Comparto con él una teoría escandalosa, probablemente sacrílega para
academias y doctores en letras, sobre la relatividad de las palabras del
idioma, y lo hago con la misma intensidad con que siento fascinación
por los diccionarios, sobre todo aquel que me obsequiara cuando cumplí
70 años, y es una verdadera joya porque a la definición de las palabras,
añade frases célebres de la literatura hispanoamericana, ejemplos de
buen uso del vocabulario. También, como hombre público obligado a
escribir discursos y narrar hechos, coincido con el ilustre escritor en
el deleite por la búsqueda de la palabra exacta, una especie de obsesión
compartida e inagotable hasta que la frase nos queda a gusto, fiel al
sentimiento o la idea que deseamos expresar y en la fe de que siempre
puede mejorarse. Lo admiro sobre todo cuando, al no existir esa palabra
exacta, tranquilamente la inventa. ¡Cómo envidio esa licencia suya!

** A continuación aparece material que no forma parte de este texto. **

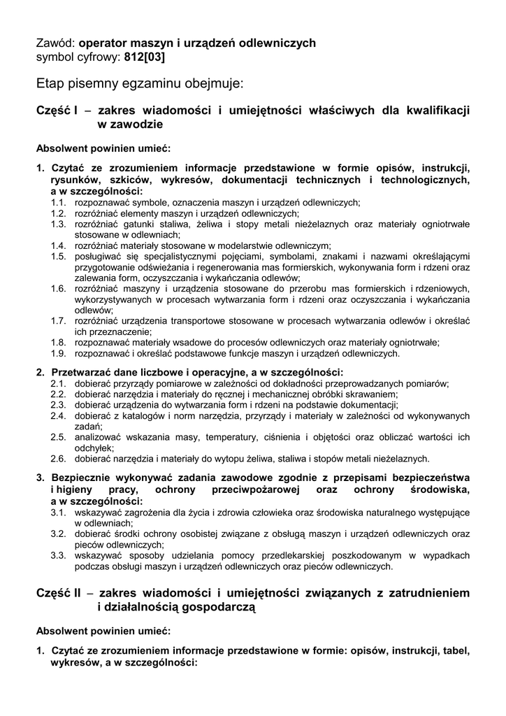 Zawód: operator maszyn i urządzeń odlewniczych symbol cyfrowy: 812[03] Etap pisemny egzaminu obejmuje: Część I − zakres wiadomości i umiejętności właściwych dla kwalifikacji w zawodzie Absolwent powinien umieć: 1. Czytać ze zrozumieniem informacje przedstawione w formie opisów, instrukcji, rysunków, szkiców, wykresów, dokumentacji technicznych i technologicznych, a w szczególności: 1.1. rozpoznawać symbole, oznaczenia maszyn i urządzeń odlewniczych; 1.2. rozróżniać elementy maszyn i urządzeń odlewniczych; 1.3. rozróżniać gatunki staliwa, żeliwa i stopy metali nieżelaznych oraz materiały ogniotrwałe stosowane w odlewniach; 1.4. rozróżniać materiały stosowane w modelarstwie odlewniczym; 1.5. posługiwać się specjalistycznymi pojęciami, symbolami, znakami i nazwami określającymi przygotowanie odświeżania i regenerowania mas formierskich, wykonywania form i rdzeni oraz zalewania form, oczyszczania i wykańczania odlewów; 1.6. rozróżniać maszyny i urządzenia stosowane do przerobu mas formierskich i rdzeniowych, wykorzystywanych w procesach wytwarzania form i rdzeni oraz oczyszczania i wykańczania odlewów; 1.7. rozróżniać urządzenia transportowe stosowane w procesach wytwarzania odlewów i określać ich przeznaczenie; 1.8. rozpoznawać materiały wsadowe do procesów odlewniczych oraz materiały ogniotrwałe; 1.9. rozpoznawać i określać podstawowe funkcje maszyn i urządzeń odlewniczych. 2. Przetwarzać dane liczbowe i operacyjne, a w szczególności: 2.1. 2.2. 2.3. 2.4. dobierać przyrządy pomiarowe w zależności od dokładności przeprowadzanych pomiarów; dobierać narzędzia i materiały do ręcznej i mechanicznej obróbki skrawaniem; dobierać urządzenia do wytwarzania form i rdzeni na podstawie dokumentacji; dobierać z katalogów i norm narzędzia, przyrządy i materiały w zależności od wykonywanych zadań; 2.5. analizować wskazania masy, temperatury, ciśnienia i objętości oraz obliczać wartości ich odchyłek; 2.6. dobierać narzędzia i materiały do wytopu żeliwa, staliwa i stopów metali nieżelaznych. 3. Bezpiecznie wykonywać zadania zawodowe zgodnie z przepisami bezpieczeństwa i higieny pracy, ochrony przeciwpożarowej oraz ochrony środowiska, a w szczególności: 3.1. wskazywać zagrożenia dla życia i zdrowia człowieka oraz środowiska naturalnego występujące w odlewniach; 3.2. dobierać środki ochrony osobistej związane z obsługą maszyn i urządzeń odlewniczych oraz pieców odlewniczych; 3.3. wskazywać sposoby udzielania pomocy przedlekarskiej poszkodowanym w wypadkach podczas obsługi maszyn i urządzeń odlewniczych oraz pieców odlewniczych. Część II − zakres wiadomości i umiejętności związanych z zatrudnieniem i działalnością gospodarczą Absolwent powinien umieć: 1. Czytać ze zrozumieniem informacje przedstawione w formie: opisów, instrukcji, tabel, wykresów, a w szczególności: 812[03] Operator maszyn i urządzeń odlewniczych 1.1. rozróżniać podstawowe pojęcia i terminy z obszaru funkcjonowania gospodarki oraz prawa pracy, prawa podatkowego i przepisów regulujących podejmowanie i wykonywanie działalności gospodarczej; 1.2. rozróżniać dokumenty związane z zatrudnieniem oraz podejmowaniem i wykonywaniem działalności gospodarczej; 1.3. identyfikować i analizować informacje dotyczące wymagań i uprawnień pracownika, pracodawcy, bezrobotnego i klienta. 2. Przetwarzać dane liczbowe i operacyjne, a w szczególności: 2.1. analizować informacje związane z podnoszeniem kwalifikacji, poszukiwaniem pracy i zatrudnieniem oraz podejmowaniem i wykonywaniem działalności gospodarczej; 2.2. sporządzać dokumenty związane z poszukiwaniem pracy i zatrudnieniem oraz podejmowaniem i wykonywaniem działalności gospodarczej; 2.3. rozróżniać skutki wynikające z nawiązania i rozwiązania stosunku pracy. Etap praktyczny egzaminu obejmuje praktyczne umiejętności z zakresu kwalifikacji w zawodzie, objęte tematami: 1. Wykonanie określonych prac związanych z obsługą maszyn do wytwarzania form, rdzeni lub urządzeń do oczyszczania i wykańczania odlewów. 2. Wykonanie określonych prac związanych z przygotowaniem wsadu lub obsługi pieców odlewni metali. Absolwent powinien umieć: 1. Planować czynności związane z wykonaniem zadania: 1.1. sporządzić plan działania; 1.2. sporządzić wykaz niezbędnych surowców, materiałów, sprzętu kontrolno-pomiarowego, narzędzi; 1.3. wykonać niezbędne obliczenia, rysunki lub szkice pomocnicze. 2. Organizować stanowisko pracy: 2.1. zgromadzić i rozmieścić na stanowisku pracy materiały, narzędzia, urządzenia i sprzęt, zgodnie z zasadami bezpieczeństwa i higieny pracy oraz ochrony przeciwpożarowej; 2.2. sprawdzić stan techniczny maszyn, urządzeń i sprzętu; 2.3. dobrać odzież roboczą i środki ochrony indywidualnej. 3. Wykonać zadanie egzaminacyjne z zachowaniem przepisów bezpieczeństwa i higieny pracy, ochrony przeciwpożarowej oraz ochrony środowiska i wykazać się umiejętnościami objętymi tematami: 3.1. Wykonanie określonych prac związanych z obsługą maszyn do wytwarzania form, rdzeni lub urządzeń do oczyszczania i wykańczania odlewów: 3.1.1. wykonać czynności związane z obsługą maszyn do wytwarzania form, rdzeni, urządzeń do oczyszczania i wykańczania odlewów; 3.1.2. sprawdzić działanie maszyn i urządzeń do wytwarzania form, rdzeni, czyszczenia i wykańczania odlewów (test pracy); 3.1.3. uzbroić maszyny i urządzenia w wymagane do wykonania zadania oprzyrządowanie technologiczne; 3.1.4. obsługiwać i sterować pracą maszyn i urządzeń do wytwarzania, czyszczenia lub wykańczania form, rdzeni, odlewów; 3.1.5. kontrolować na bieżąco jakość pracy i usuwać usterki; 3.1.6. utrzymywać ład i porządek na stanowisku pracy; 2 812[03] Operator maszyn i urządzeń odlewniczych 3.1.7. wykonać zadanie w przewidzianym czasie; 3.1.8. uporządkować stanowisko pracy,

Ahora aparece Gabo por Gabo con la publicación de su autobiografía,
es decir, la novela de sus recuerdos, una obra que imagino de nostalgia
por el trueno de las cuatro de la tarde, que era el instante de
relámpago y magia que su madre Luisa Santiaga Márquez Iguarán echaba de
menos lejos de Aracataca, la aldea sin empedrar, de torrenciales
aguaceros eternos, hábitos de alquimia y telégrafo y amores turbulentos y
sensacionales que poblarían Macondo, el pequeño pueblo de las páginas
de cien años solitarios con todo el polvo y el hechizo de Aracataca. De
Gabo siempre me han llegado cuartillas aún en preparación, por el gesto
generoso y de sencillez con que siempre me envía, al igual que a otros a
quienes mucho aprecia, los borradores de sus libros, como prueba de
nuestra vieja y entrañable amistad. Esta vez hace una entrega de sí
mismo con sinceridad, candor y vehemencia, que le develan como lo que
es, un hombre con bondad de niño y talento cósmico, un hombre de mañana,
al que agradecemos haber vivido esa vida para contarla.